In this notebook, we show how to use **[DomainAdapt-MT v1.0.0](https://github.com/JoyeBright/domain-adapt-mt)** to do data selection for training MT models. 😀


## 🌍 Out-of-Domain Data

We download a large out-of-domain English–French corpus (**CCAligned v1**) from the [OPUS repository](https://opus.nlpl.eu/CCAligned.php).  


In [1]:
!wget  https://object.pouta.csc.fi/OPUS-CCAligned/v1/moses/en-fr.txt.zip

--2025-06-13 10:03:59--  https://object.pouta.csc.fi/OPUS-CCAligned/v1/moses/en-fr.txt.zip
Resolving object.pouta.csc.fi (object.pouta.csc.fi)... 86.50.254.18, 86.50.254.19
Connecting to object.pouta.csc.fi (object.pouta.csc.fi)|86.50.254.18|:443... connected.
HTTP request sent, awaiting response... 200 OK
Length: 1013655142 (967M) [application/zip]
Saving to: ‘en-fr.txt.zip’


2025-06-13 10:08:11 (3.86 MB/s) - ‘en-fr.txt.zip’ saved [1013655142/1013655142]



In [2]:
!unzip /content/en-fr.txt.zip

Archive:  /content/en-fr.txt.zip
  inflating: README                  
  inflating: LICENSE                 
  inflating: CCAligned.en-fr.en      
  inflating: CCAligned.en-fr.fr      
  inflating: CCAligned.en-fr.xml     


## ⚠️ Downsizing the Out-of-Domain Corpus (for Demo Only)

To show how the tool works in environments like Google Colab (which have limited memory), we downsize the OOD corpus.  
We randomly sample 4 million sentence pairs from the full CCAligned dataset:

In [None]:
!paste /content/CCAligned.en-fr.en /content/CCAligned.en-fr.fr \
  | shuf \
  | head -n 4000000 \
  | tee >(cut -f1 > /content/sample.en) >(cut -f2 > /content/sample.fr)


## 📘 In-Domain Data

We use the [Unsupervised Domain Clusters](https://github.com/roeeaharoni/unsupervised-domain-clusters) dataset for in-domain data.
For this example, we use only the **IT** domain subset, which we've uploaded to our drive.
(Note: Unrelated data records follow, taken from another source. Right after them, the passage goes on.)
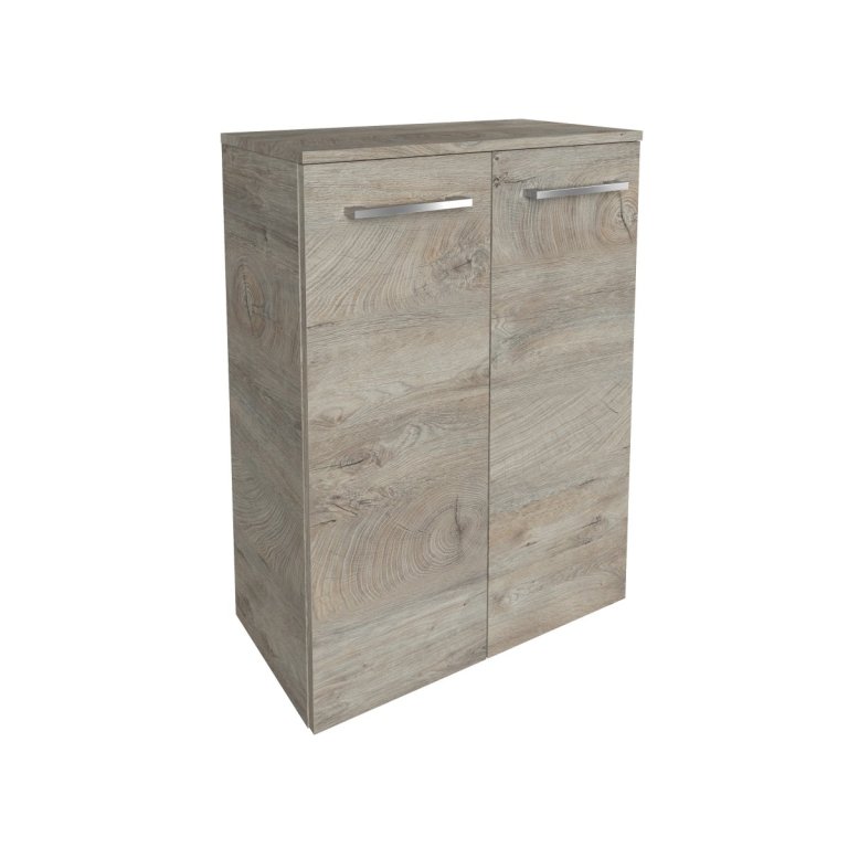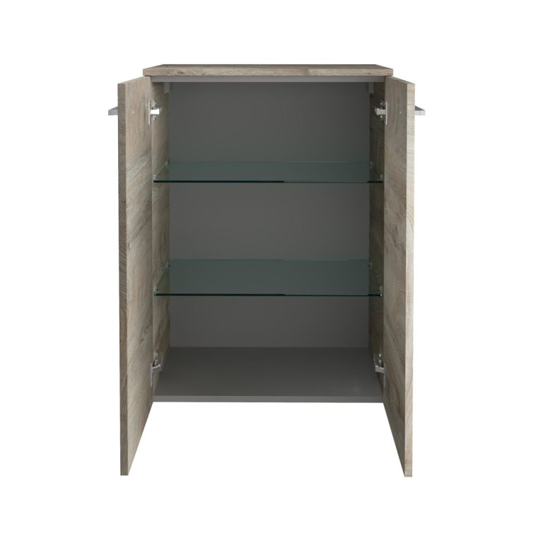 Dvakratno praktično! Dvakrat več prostora! Dvojna midi omara v trendovskem dekorju Nature Oak ni le popolna izbira za elegantno kopalnico, ampak je tudi popolnoma v koraku s sodobnimi oblikovalskimi trendi. Nevtralna barva omarice iz serije B.STYLE znamke Fackelmann ustvari toplo atmosfero v prostoru. S širino več kot 60 cm in dvema steklenima policama ponuja ta omarica veliko prostora za shranjevanje vaših kopalniških pripomočkov – ostali bodo dobro organizirani in pri roki. Videz in otip materiala vas bosta prepričala, saj posnemata pravi hrast. Mehko zapiranje obeh vrat poskrbi za dodatno udobje, medtem ko kromirana ročaja dodata pridih elegance. Fackelmannova dvojna omarica B.STYLE širine 60 cm je izdelana v Nemčiji in vam je dostavljena že sestavljena – za hitro in brezskrbno namestitev.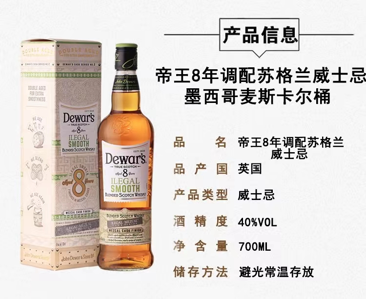 【有税版】帝王8年墨西哥麦斯卡尔桶700ml 调配苏格兰威士忌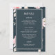El precioso menú boda clásico con motivos florales y carnosos presenta un delicado patrón botánico de flores rosas rubias y un fondo azul oscuro.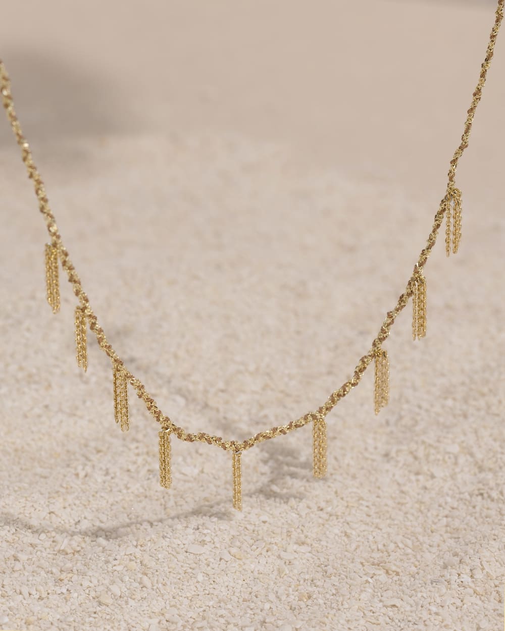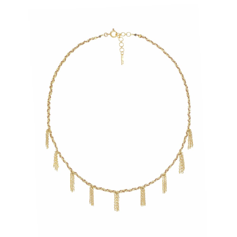 Add to WishlistShort braided necklace in 925 Sterling silver with a gold finish, made of chains and beige silk yarns. Mini chain tassels complete the design, creating a subtle play of light.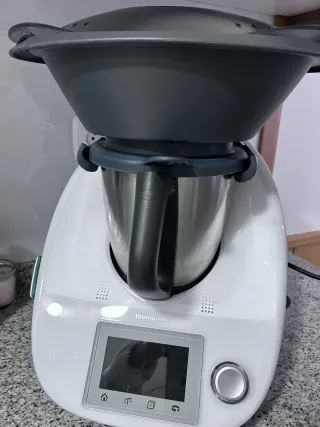 Robot de cocina Thermomix TM5 de Vorwerk. Diseño moderno y funcional. - Color blanco. - Pantalla táctil. - Dial giratorio. Viene con libro de recetas La cookidoo a veces falla, no sabemos si és la connexion o el cookidoo la pieza. La thermomix en si está como nueva.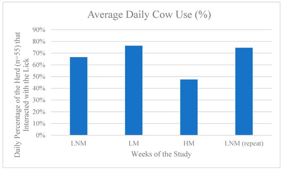 Figure 7 visualizes the true number of cows within the high-yielding herd that interacted with the licks rather than instances of interactions. The average number of cows within the herd that interacted with the lick daily was highest with the LM blocks. The LNM and LNM (repeat) were only 9.8% and 1.8% lower, respectively, to the LM blocks. However, the HM setup was used by 28.8% fewer cattle than the LM setup.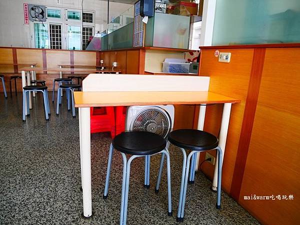 但又怕客人會熱,所以才想到把電扇擺在桌子底下吹~~
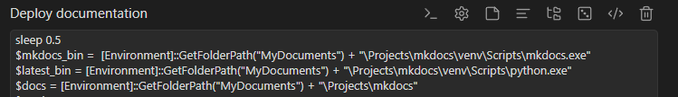 $mkdocs_bin = [Environment]::GetFolderPath("MyDocuments") + "\Projects\mkdocs\venv\Scripts\mkdocs.exe"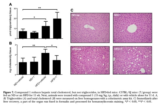 4. 肝臟脂質水平:測量了肝臟組織中的甘油三酯和膽固醇含量。研究意義是評估肝臟脂肪變性,化合物1降低了肝臟膽固醇,但對甘油三酯影響不顯著,提示短期治療可能未完全改變肝臟脂質積累。數據來自圖7。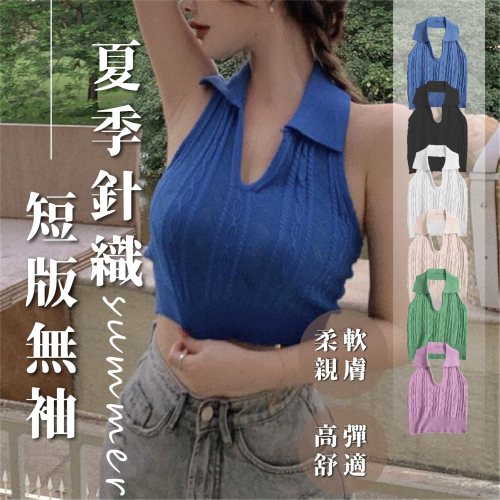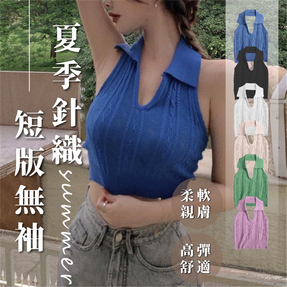 V領針織麻花紋掛脖背心 素色網眼針織背心 辣妹短款露背露臍上衣 冰絲針織背心 螺紋麻花簍空上衣 掛脖上衣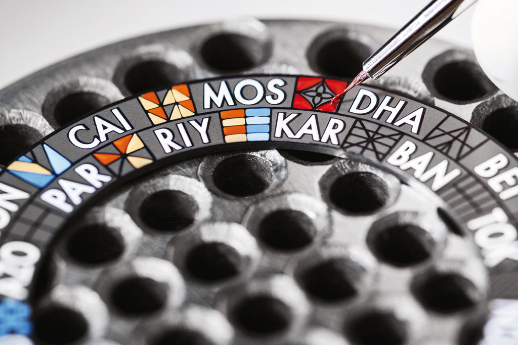 Colorat în 38 de nuanțe diferite, aplicate conform unei tehnici străvechi de pictură miniaturală, cadranul ceasului este o invitație multicoloră la o călătorie în jurul lumii: grație noii funcții „Worldtime“, fără a atinge vreun buton sau a face vreun gest, poți cunoaște în orice moment cât este ceasul după 24 de fusuri orare diferite, cu ajutorul a trei discuri mobile. „Escale Worldtime“ este doar una dintre recentele creații ale „fabricii de ore și de minute“ pe care Louis Vuitton a fondat-o – nu la Paris, unde bate în continuare inima „Maison LV“ – ci în fieful marilor orologeri, la Geneva, sub titulatura extrem de plastică de „La Fabrique du Temps“.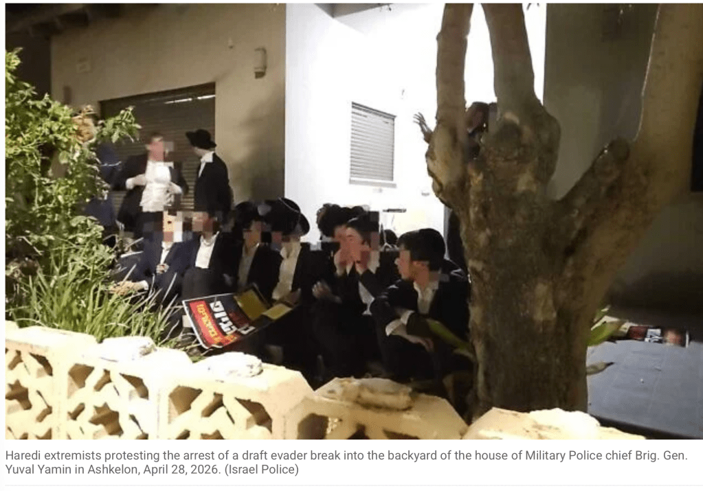 Vorgestern Abend betraten einige Dutzend haredische Extremisten das Grundstück von Militärpolizei-Chef Yuval Yamin in Ashkelon durch das offene Gartentor. Zuvor hatten sie an einer Demonstration gegen die Festnahme von Wehrdienstverweigerern vor dem Haus teilgenommen. Netanyahu und VM Katz verurteilten den Vorfall und forderten, dass «gegen die Gruppe von gewalttätigen Kriminellen mit der ganzen Härte des Gesetzes vorgegangen werden muss.» Der Vorfall fand statt, während sich angeblich die gesamte Familie im Haus befand. Anderen Berichten zufolge war die Familie nicht anwesend. Wieder andere Medien behaupten, die Familie sei evakuiert worden. Generalstabschef Zamir verurteilte den Vorfall ebenfalls: «Angriffe auf Sicherheitskräfte und ihre Familien stellen das Überschreiten einer gefährlichen roten Linie dar», betonte Zamir. «Dies ist ein schwerwiegender Vorfall, und alle Strafverfolgungs- und Sicherheitsbehörden müssen entschlossen handeln, um die Beteiligten vor Gericht zu bringen.» Die Polizei nahm 25 Demonstranten vorübergehend fest, aber nur 12 wurden zur Befragung mitgenommen. Der OGH forderte die Regierung auf, sofort alle Zahlungen an Haredim einzustellen, die sich nicht umgehend zum Militärdienst melden.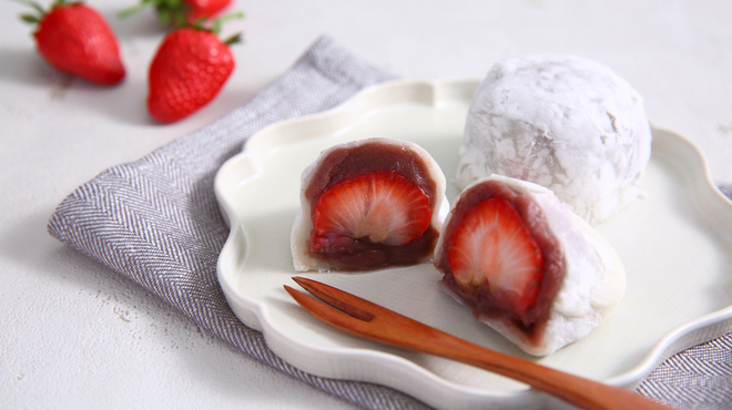 春から旬を迎えるいちごを使った「いちご大福」も、ひな祭りにおすすめの食べ物。ひな祭りでは求肥に着色したり、着物の衿(えり)のように左右で重ねてひな人形のような見た目に仕上げて販売するお店もあるようです。おうちでも試してみたいですね。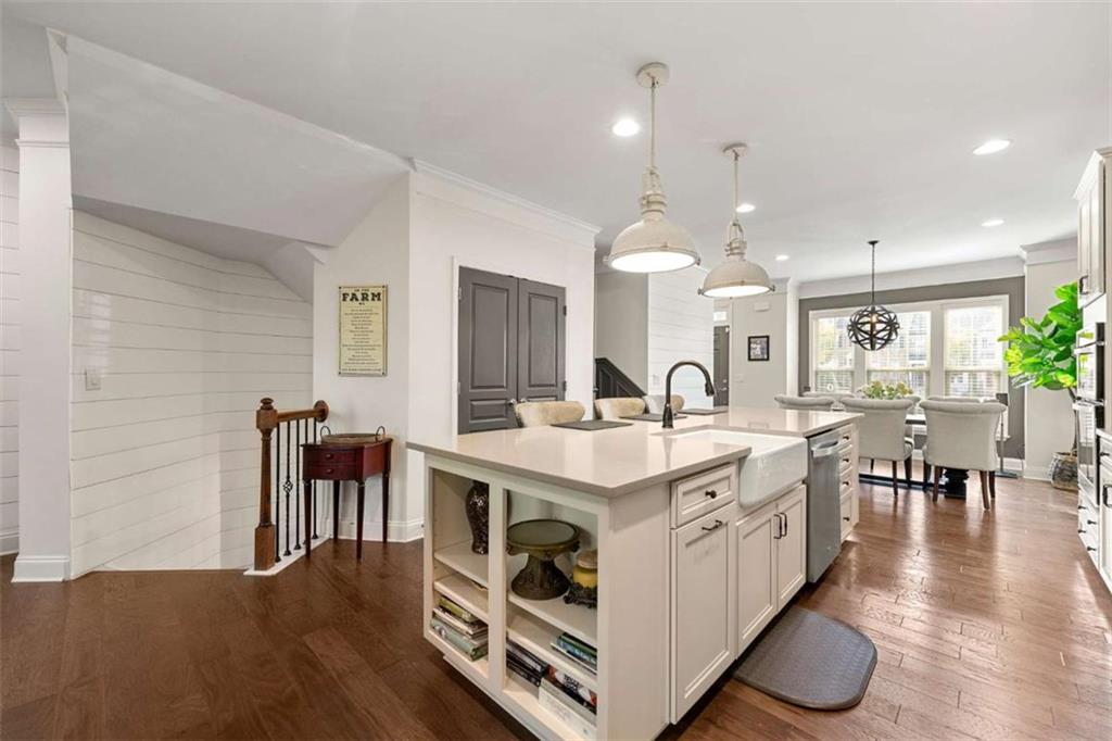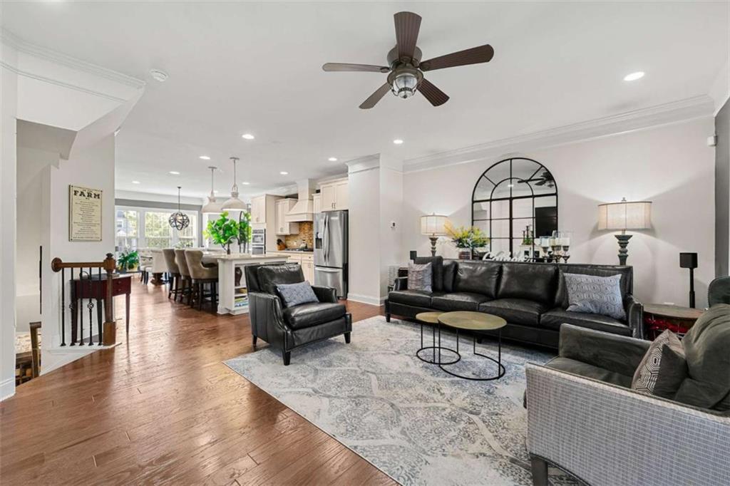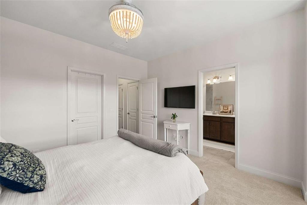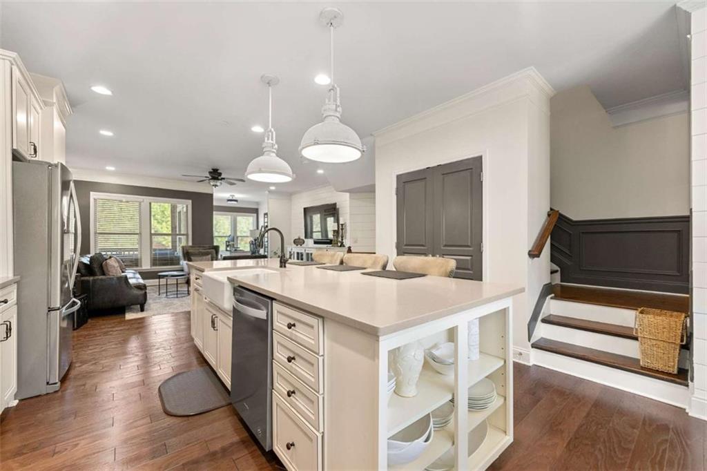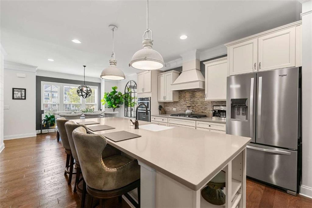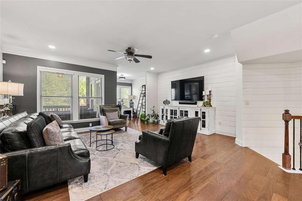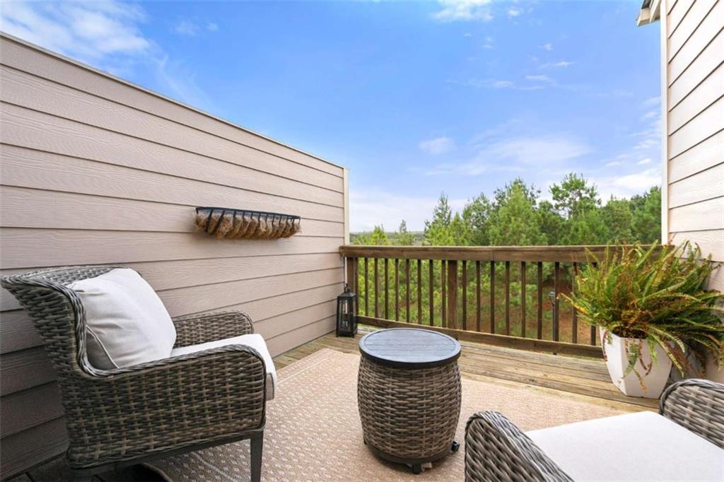 Welcome home to this Designer's Showcase! This stunning 3 Level townhome features a Chef's kitchen with Quartz Countertops, a Beautiful Island as a centerpiece complete with Open shelving as Display Storage. Step past the Dining Room and Kitchen and take in the spacious family room. a Cozy sunroom and private deck complete the Main level of this home. Don't miss the shiplap wall treatments and gorgeous accent walls which compliment each room to perfection. Upstairs, you'll find an ensuite bedroom guest room. The Owner's suite Glamorous Bath with double vanity and spa like shower and custom designed closet. The Owner's suite features a balcony which provides lush, breathtaking private views. All of this in the popular Legacy the Riverline Gated Community. Convenient to shopping, entertainment and minutes for I-285

You can do the same.


In [7]:
!unzip /content/multi_domain_new_split.zip -d /content/

Archive:  /content/multi_domain_new_split.zip
   creating: /content/it/
   creating: /content/koran/
   creating: /content/law/
   creating: /content/medical/
   creating: /content/subtitles/
  inflating: /content/it/dev.de      
  inflating: /content/it/dev.en      
  inflating: /content/it/test.de     
  inflating: /content/it/test.en     
  inflating: /content/it/train.de    
  inflating: /content/it/train.en    
  inflating: /content/koran/dev.de   
  inflating: /content/koran/dev.en   
  inflating: /content/koran/test.de  
  inflating: /content/koran/test.en  
  inflating: /content/koran/train.de  
  inflating: /content/koran/train.en  
  inflating: /content/law/dev.de     
  inflating: /content/law/dev.en     
  inflating: /content/law/test.de    
  inflating: /content/law/test.en    
  inflating: /content/law/train.de   
  inflating: /content/law/train.en   
  inflating: /content/medical/dev.de  
  inflating: /content/medical/dev.en  
  inflating: /content/medical/test.de  
  in

## 🚀 Run the Data Selection Script

Now that we have the required input files, we can use the data selection script from the repository:  
👉 [domain-adapt-mt](https://github.com/JoyeBright/domain-adapt-mt)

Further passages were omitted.